Kampfansage: Hermann Maier und Co wollen bei den Übersee-Rennen zurückschlagen und den ersten Saisonsieg feiern.
Quali-Stress: Im stärksten Skiteam der Welt tobt der Generationenkampf. Wie die Jungen um die WM-Tickets mitfighten.
Im Blickpunkt: Das Duell Maier gegen Miller, Rahlves & Aamodt. Und: Der Angriff der jungen ÖSV-Garde.

Als Hermann Maier vergangenen Montag am frühen Nachmittag die Ortstafel von Lake Louise passierte, huschte ein kurzes Lächeln über sein Gesicht. „Schön ist es da“, sagte der Ski-Superstar und bezog Minuten später sein Einzelzimmer mit See- und Gletscherblick im noblen Österreicher-Quartier, dem Fairmont Château Lake Louise, einer der weltweit führenden Bettenburgen. In den kanadischen Rocky Mountains, da fühlt sich der Salzburger wohl, hat er doch hier alle drei von ihm bestrittenen Super-Gs gewonnen. Zuletzt vor einem Jahr, als er in dieser Disziplin im erst zweiten Rennen nach dem schweren Motorradunfall einen rotweißroten Vierfachtriumph anführte. Ein ähnlich sensationelles Ergebnis erhoffen sich Hermann Maier und Co auch diesmal.
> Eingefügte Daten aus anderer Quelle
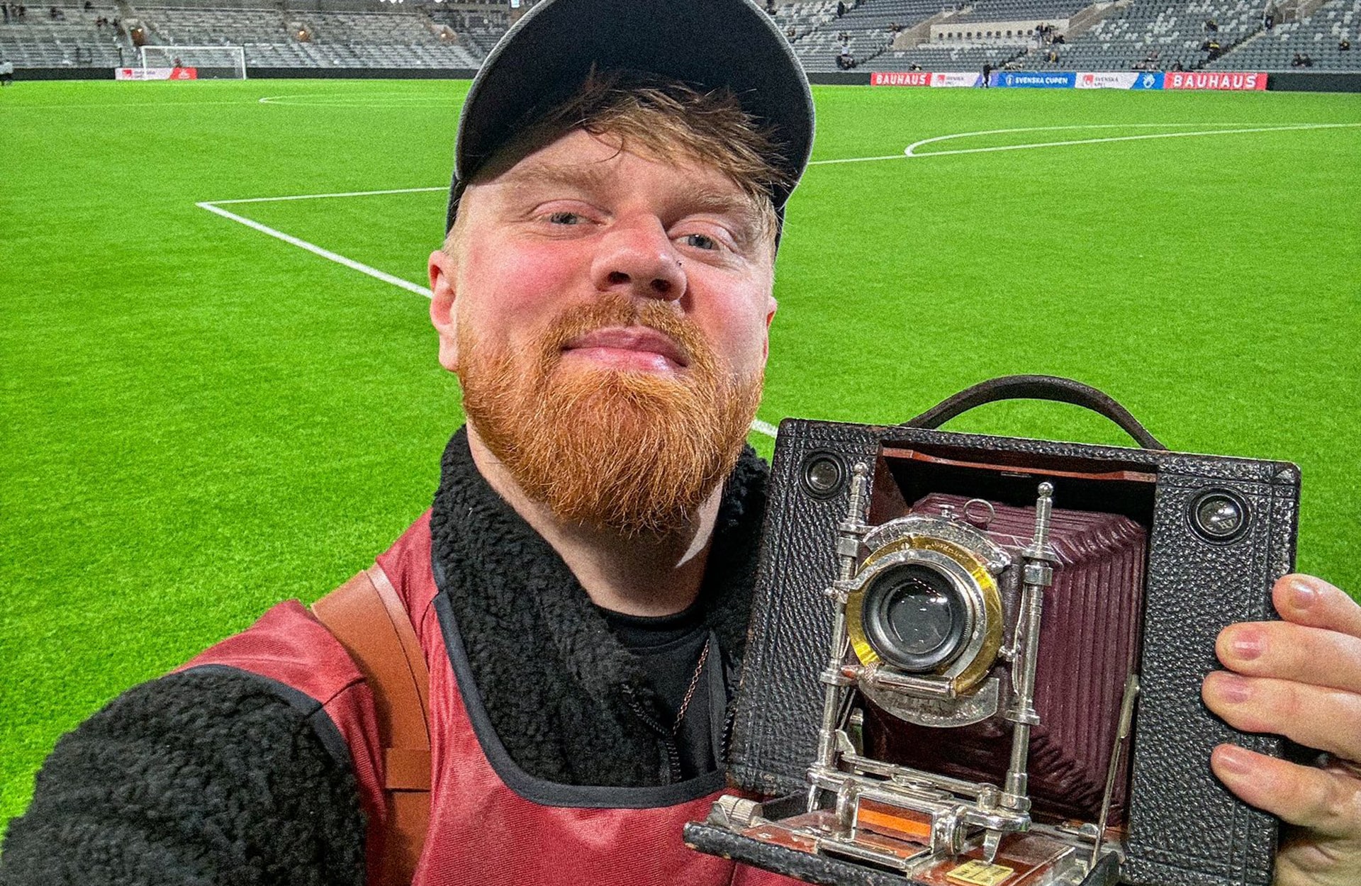 Myerscough-Harris recently posted on his Instagram account asking what he should shoot on a 100-year old reel of film. As sometimes happens in this world, the stars just so happened to align perfectly, with AIK releasing their new kit, itself celebrating 100 years of the Allsvenskan. And the folk at Pro:Direct Soccer were quick to make the connection, linking the two parties up for an iconic piece of content creation. Just so happened that Myerscough-Harris also had a collection of old cameras too and he was looking for a project to use one on. And it ended up being this 127 year old camera.
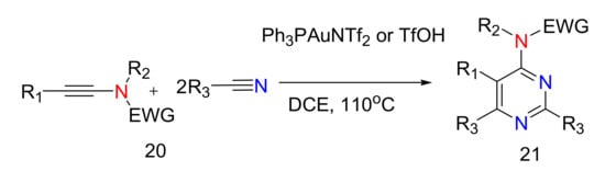 - Karad, S.N.; Liu, R. Regiocontrolled Gold-Catalyzed [2 + 2 + 2] Cycloadditions of Ynamides with Two Discrete Nitriles to Construct 4-Aminopyrimidine Cores. Angew. Chem. Int. Ed. 2014, 53, 9072–9076. [Google Scholar] [CrossRef]
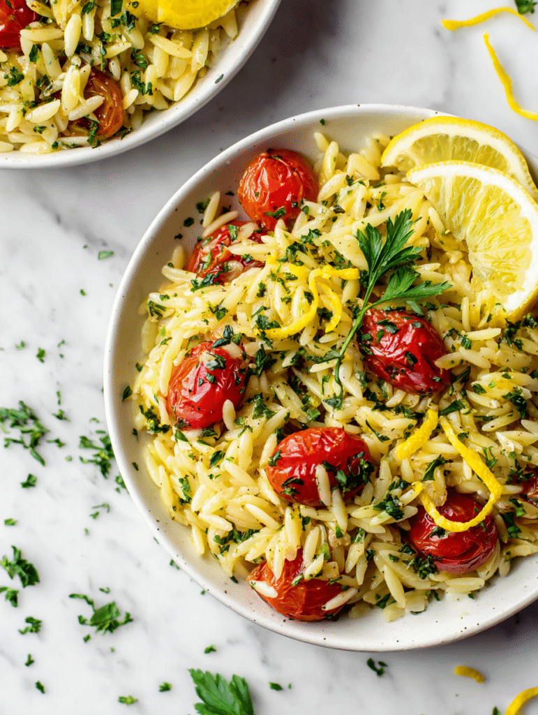 - Serve the vegan lemon herb orzo hot, garnished with extra herbs or lemon zest if desired. Enjoy this cozy, bright, and hearty meal straight from the skillet.
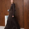 Η μακριά φούστα φτάνει μέχρι το πάτωμα, ολοκληρώνοντας το φόρεμα με απαλή, ρέουσα λεπτομέρεια βολάν, που προσφέρει κίνηση και θηλυκότητα σε κάθε βήμα. Ιδανικό για επίσημες ή ιδιαίτερες εμφανίσεις, αλλά και για all-day κομψότητα.
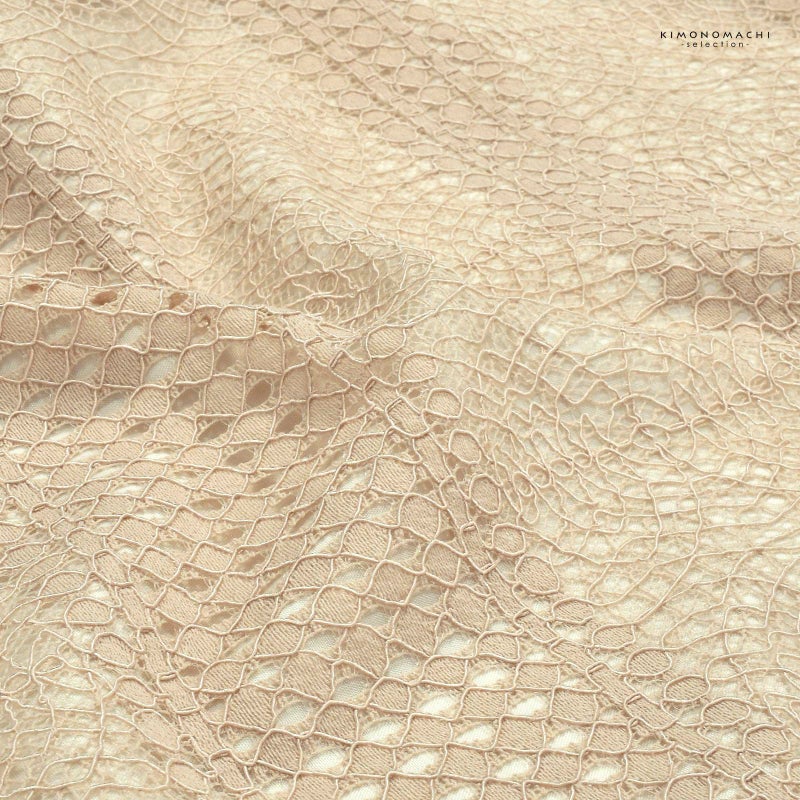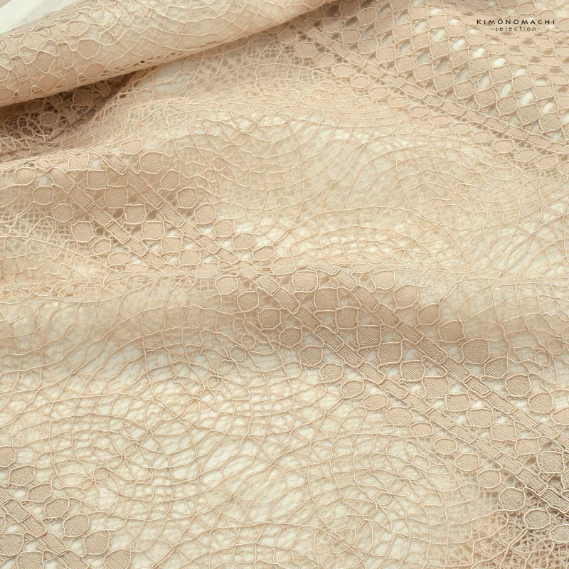 【色柄】エクルベージュのコードレースで表現された幾何学模様。異なる模様が横段に配置されています。裏地はオフホワイト。

Schlag auf Schlag. Im Unterschied zum Weltcupauftakt vor einem Monat in Sölden, wo traditionellerweise nur ein Riesentorlauf auf dem Programm stand, geht es ab sofort in allen Disziplinen und im Wochenrhythmus weiter. Start frei für die Tempobolzerei – bei der Abfahrt am Samstag und beim Super-G am Sonntag (jeweils ab 19.30 Uhr, live in ORF 1) wollen die ÖSV-Speedkönige ihren ersten Saisonsieg einfahren.
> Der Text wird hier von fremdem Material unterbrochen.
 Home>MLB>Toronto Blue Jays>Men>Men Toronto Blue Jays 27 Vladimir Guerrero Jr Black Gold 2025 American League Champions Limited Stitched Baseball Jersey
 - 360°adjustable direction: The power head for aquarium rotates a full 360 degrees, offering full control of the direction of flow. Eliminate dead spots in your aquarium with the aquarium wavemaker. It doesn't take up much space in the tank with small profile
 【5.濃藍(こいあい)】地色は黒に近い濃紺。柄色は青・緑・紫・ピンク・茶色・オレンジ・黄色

Während sich Läufer wie Maier keine Sorgen um ihren Startplatz machen müssen, kämpfen andere in nervenaufreibenden Ausscheidungsrennen um ihre Chance. Nach dem Rücktritt von Stephan Eberharter, dem Abfahrtsdominator der letzten Jahre, und Exweltmeister Hannes Trinkl hat sich die Sache im ÖSV-Herrenteam nicht entschärft. Im Gegenteil: Der Kampf um die Fixplätze ist härter geworden. Cheftrainer Toni Giger: „Unser Team befindet sich im totalen Umbruch. Junge Läufer drängen nach und wollen im Weltcup starten.“ So kämpfen für die Abfahrt am Samstag vier Athleten um einen Platz. Noch brisanter ist die Lage im Super-G, wo sich acht Rennläufer um drei Startplätze matchen. „Da ist es nicht immer einfach, die gute Stimmung aufrechtzuerhalten“, weiß Giger.
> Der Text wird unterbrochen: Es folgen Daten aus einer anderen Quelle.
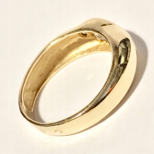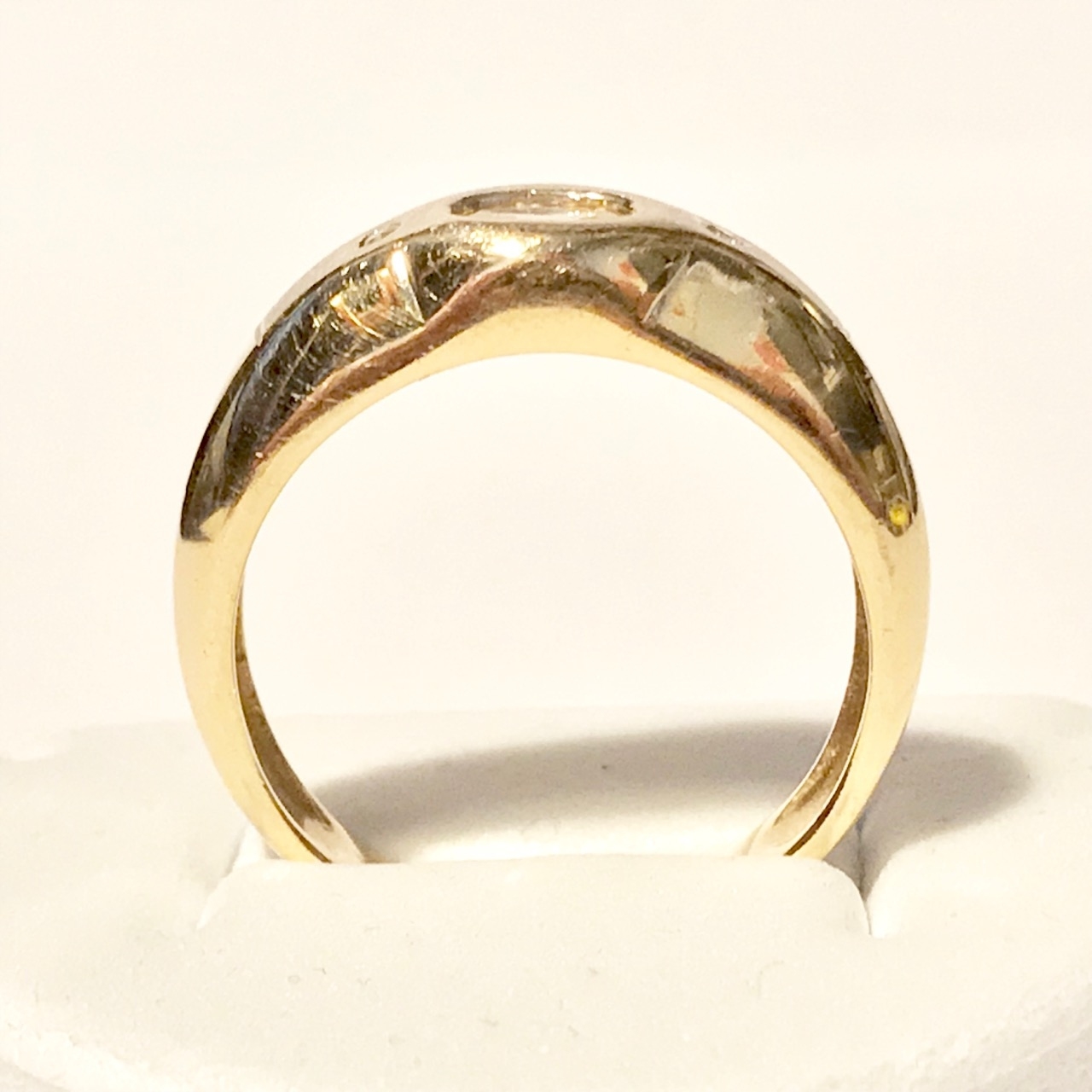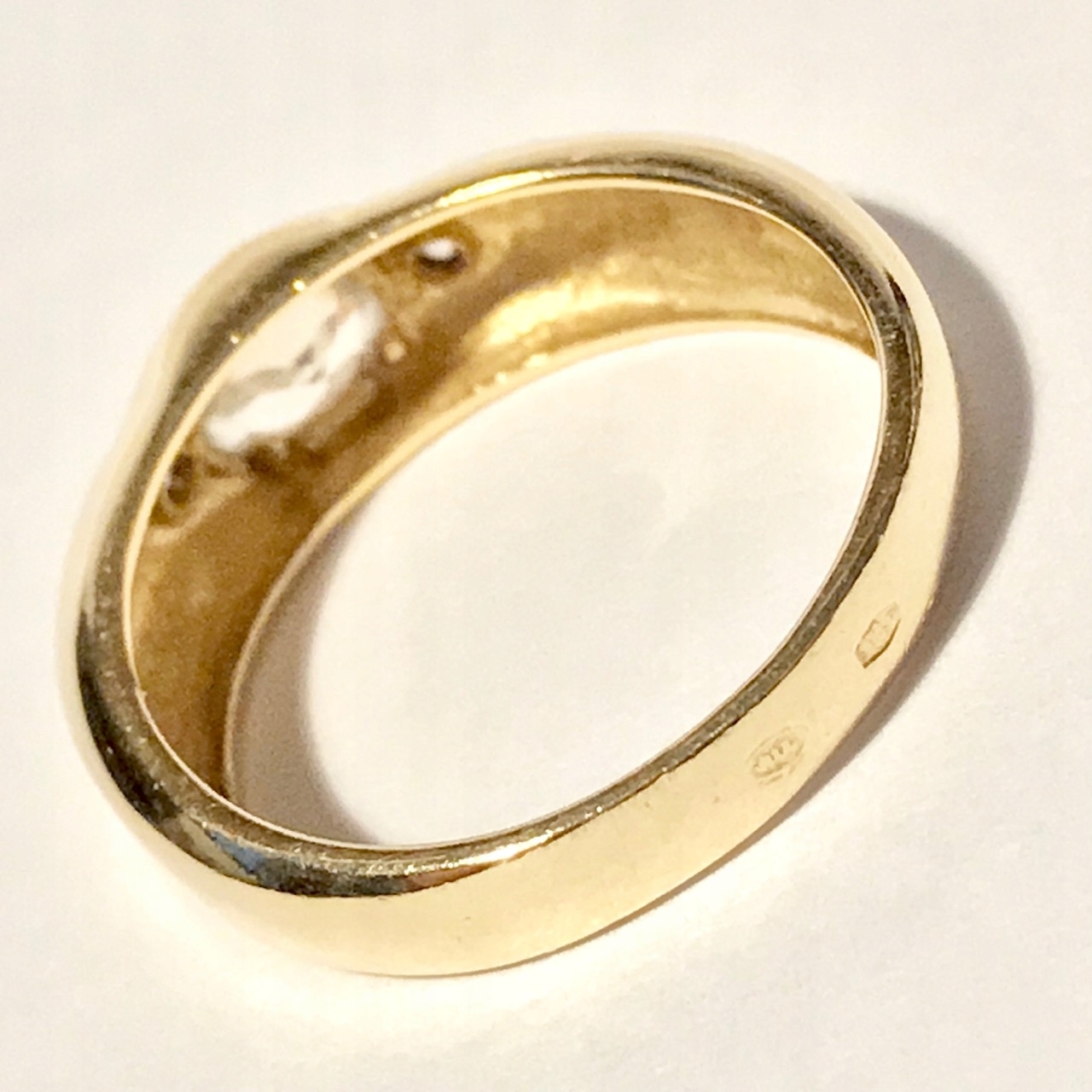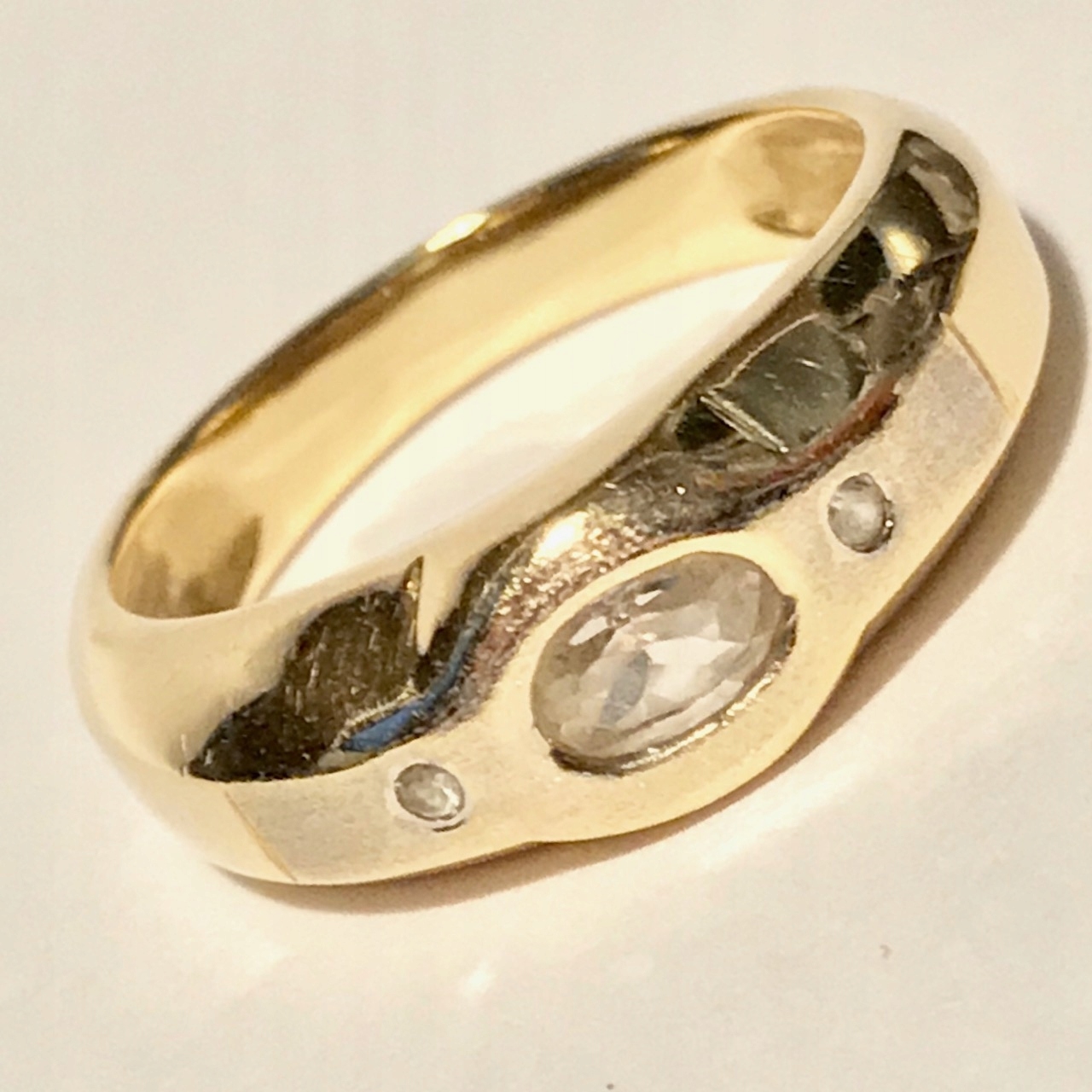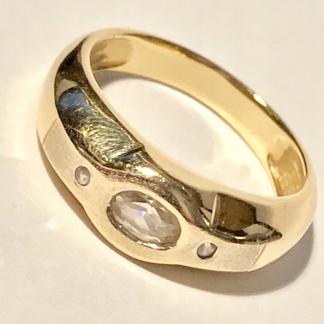- Przepiękny bardzo oryginalny pierścionek wykonany z żółtego 14-karatowego złota. Duża cyrkonia na topie w sąsiedztwie dwóch mniejszych.

Stunde der Wahrheit. Zusätzliche Schärfe bekommt die Situation durch die zahlreichen Materialwechsel, die im Sommer vollzogen wurden. Und durch die Tatsache, dass die Österreicher mangels Schnee in Nordamerika in den letzten zwei Wochen nicht wirklich optimal trainieren konnten. Die Nervosität steigt von Tag zu Tag und von Stunde zu Stunde, je näher der Showdown rückt. Das weiß auch ORF-Topstar und NEWS-Kolumnist Armin Assinger: „Die Rennen in Lake Louise dienen nicht nur der Standortbestimmung, sondern sind für diejenigen, die einen Materialwechsel vornahmen, entscheidend. Ab jetzt gibt es keine Schönfärberei mehr, sondern nur noch Fakten“.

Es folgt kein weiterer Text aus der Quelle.